The financial market itself is a game between people who mix rational and emotional factors. They all make their own buying or selling decisions under the assumption of what the market is like, in the hope of winning money.
The so-called "market" is what everyone else thinks except me.
If there are too many idiots in a certain period, or the government devalues the currency severely, forcing ordinary people who don’t understand finance to enter the capital market to speculate and become stupid, then it will push the market to an unbelievable level. high.
Take our big A-shares as an example. The big bull market in 2007 and the big bull market in 2015 were, in the final analysis, the result of too many "noobs" entering the market who didn't understand the stock market at all. So, who can win the "bonus" of the big game of the financial market?
The answer is: he himself is rational, but he can roughly estimate the degree of market irrationality!
In other words, in the financial market, there are indeed some people who are stupid, but most people are not stupider than you. You have to consider that most people are not stupider than you, and then consider that there are indeed some people. Be stupid, then you may win money!
Guess the average 2/3 game in the Yale University "Game Theory" class (everyone writes down a number within 1-100 on paper, then counts these numbers, and calculates the average of these numbers-the so-called The "winner" is the friend whose number is closest to 2/3 of the average), most people can exclude the numbers above 67, and the number above 45 can be considered Numbers should be excluded as the second level, and numbers above 30 should be excluded as the third level. In the actual financial market, there are very few people who can achieve these three rounds of thinking...

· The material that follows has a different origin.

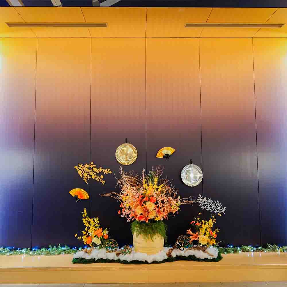 菊紋プレートや花の形に切り抜かれた金属プレート、扇などを壁面に貼り付け、
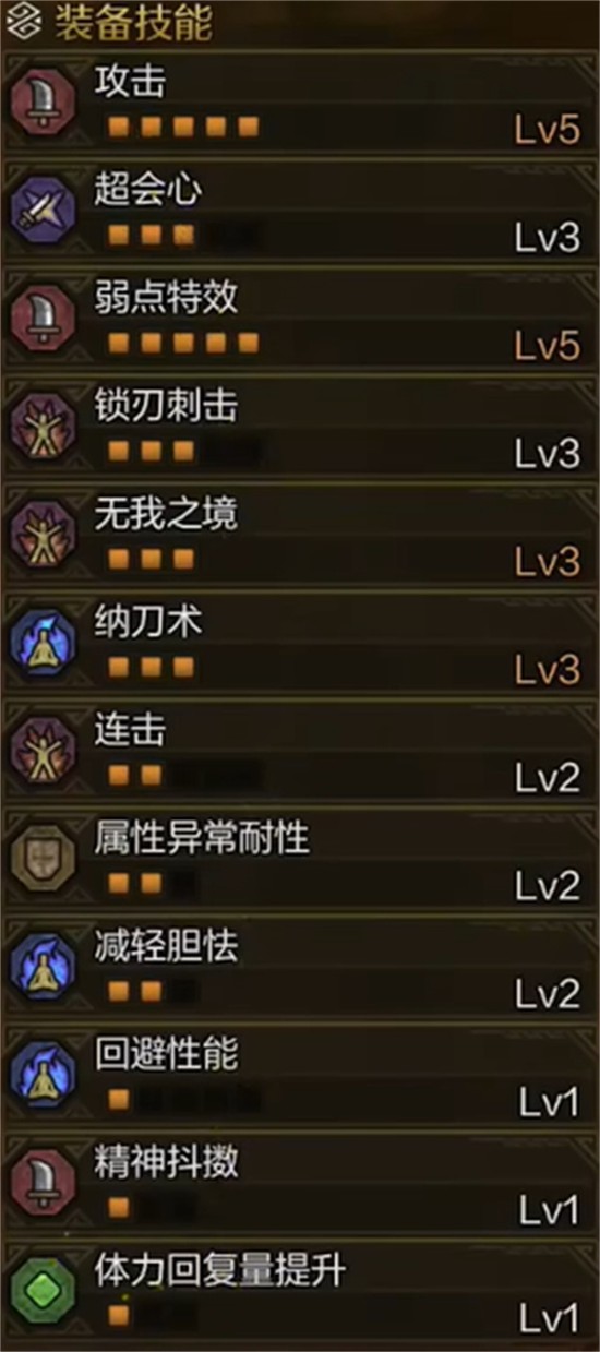腰部位置选择护锁刃龙腰甲β,其携带浑身珠II与耐冲珠I,浑身技能可延长气刃斩的斩味消耗周期,减少频繁磨刀带来的节奏断裂。耐冲珠则用于缓解部分怪物震地或冲击波类技能带来的视角晃动,提升操作稳定性,尤其在对抗古龙种时具有实际作用。

The most important thing is - round after round of logical reasoning in this game is the same principle, but round after round of deep thinking in the financial market is not necessarily the same principle, which is more testable One considers the depth of the market .
It is conceivable that if every round of the game is played by people who have played the game and new players, because more and more people either understand it by themselves or understand it under the guidance of others, then the overall It is said that this number will get closer and closer to the most rational answer "1".
We have to admit that if we keep playing the same game, more people will become relatively more rational and better at playing.
Just as after a big bubble bursts in the financial market, it is often difficult to have another big bubble in a short period of time, because the parties involved in the game have understood the essence of the game and become smarter and more rational (this is usually They are all the experience of losing real money and losing money), and the funds of new investors are not enough to push the market to another bubble...
However, regardless of the game or the financial market, the nature of the game itself will not change in any way. This is human nature!
As Yale played the game round after round in its own class, the average went from 28 to 13.3, and the winner's number dropped from 18 to 9, despite getting closer to the rational best answer of "1," But as long as there is a new participant who doesn't understand the rules or understand the essence of the game, then the average number of the game in reality cannot be 1.
Take the A-share market in the past two years as an example: After the outbreak of the epidemic in 2020, everyone has been bullish on the stock market. The Shanghai and Shenzhen 300 Index that came out of the game was 3,500 points at the beginning. Everyone guessed that others were bullish. Rising all the way, from 4000 points to 4500 points, and even close to 6000 points by the beginning of 2021...
Then, from the end of 2021, everyone began to speculate that others were bearish. Therefore, the CSI 300 Index plummeted from 5000 points, but everyone thought it would continue to plummet, so the stock index continued to fall until November 2022 The CSI 300 index of our big A shares should have been around 3500 points...
Maybe on the premise that everyone is rational enough, the Shanghai and Shenzhen 300 index of our big A shares should have been around 4500 points. However, it is useless to assume that everyone is rational...
just In other words, if there are more and more rational people in the market, it will affect the stock market itself to tend to a reasonable level, or closer to a reasonable level. Unless, unless there are many new investors who have no investment experience, they are the so-called "new leeks".